Said plot started in the XENA episode "Intimate Stranger," reviewed with the rest of the show's second season here. Ares helps the spirit of dead Callisto-- her body slain in a quicksand pit earlier-- escape Tartarus, take over Xena's body, and send the warrior princess's soul to the underworld. With Hades' blessing, Xena appears back on Earth, but somehow she's in Callisto's body, though there's no mention of the villainess's corpse being reborn. Even after Callisto's spirit goes back to Hades, Xena's spirit has to remain in the Callisto-body, wherever it came from, for one more episode before the heroine gets her regular body back.
Where does the Callisto-body go? Don't ask the writer of "Surprise," but he uses the same "body from nowhere" trope. At the opening, Callisto's shade is once more in Tartarus. Hera, the godly enemy of Hercules, offers the demented evildoer a day's freedom on Earth, in which she can obtain immortality and (eventually) revenge on Xena, if she'll just dispose of Zeus' illegitimate son. Callisto accepts the bargain, and just like that, she's back on Earth with a living body.
The Barbie-haired badass proceeds to poison Hercules' family and friends, who have gathered to give the hero a surprise birthday party. To cure the afflicted ones, Hercules has to voyage to the Labyrinth of the Gods, wherein one can find the Tree of Life, whose apples can cancel out the poison's effects. Callisto needs Hercules' strength to offset the intruder-traps in the Labyrinth, and supposedly she can help him reach the Tree, though in actual practice she doesn't seem all that helpful there. Once Callisto reaches the Tree, the apples-- possibly a reference to the Apples of the Hesperides-- will make the villainess immortal. (Why the same fruit doesn't make any of the poison-victims immortal too is never explained.)
Anyway, after do-gooder and do-badder make their way through assorted unimaginative perils, Callisto traps Hercules and tries to reach the Tree alone. He escapes the trap, but she manages to eat an apple, which gives her enough of a power-upgrade to fight the demigod. Hercules still wins and escapes, leaving Callisto to her fate-- though of course she survives to menace the Xenaverse in the episode "The Quest."

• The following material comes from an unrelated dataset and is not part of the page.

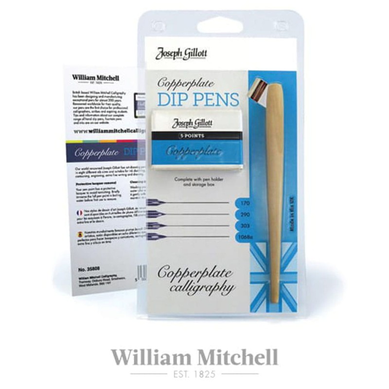 Zestaw firmy William Mitchell zawiera 4 stalówki Joseph Gillott: 170, 290, 303,1068a oraz drewnianą obsadkę typu Copperplate do pisma pochyłego - skośnego, umożliwiające pisanie pod kotem 55 stopni.

Though the writer supplied ample dialogue in which Callisto and Hercules bounced their respective worldviews off one another, it all fell flat because Hercules just doesn't have Xena's dark side. I only rate the episode as "fair" because of its role in the transformation of the Callisto character. Oh, and just so the other actors aren't restricted to lying prone on the floor, they all have various nightmares, all of which are also unimaginative.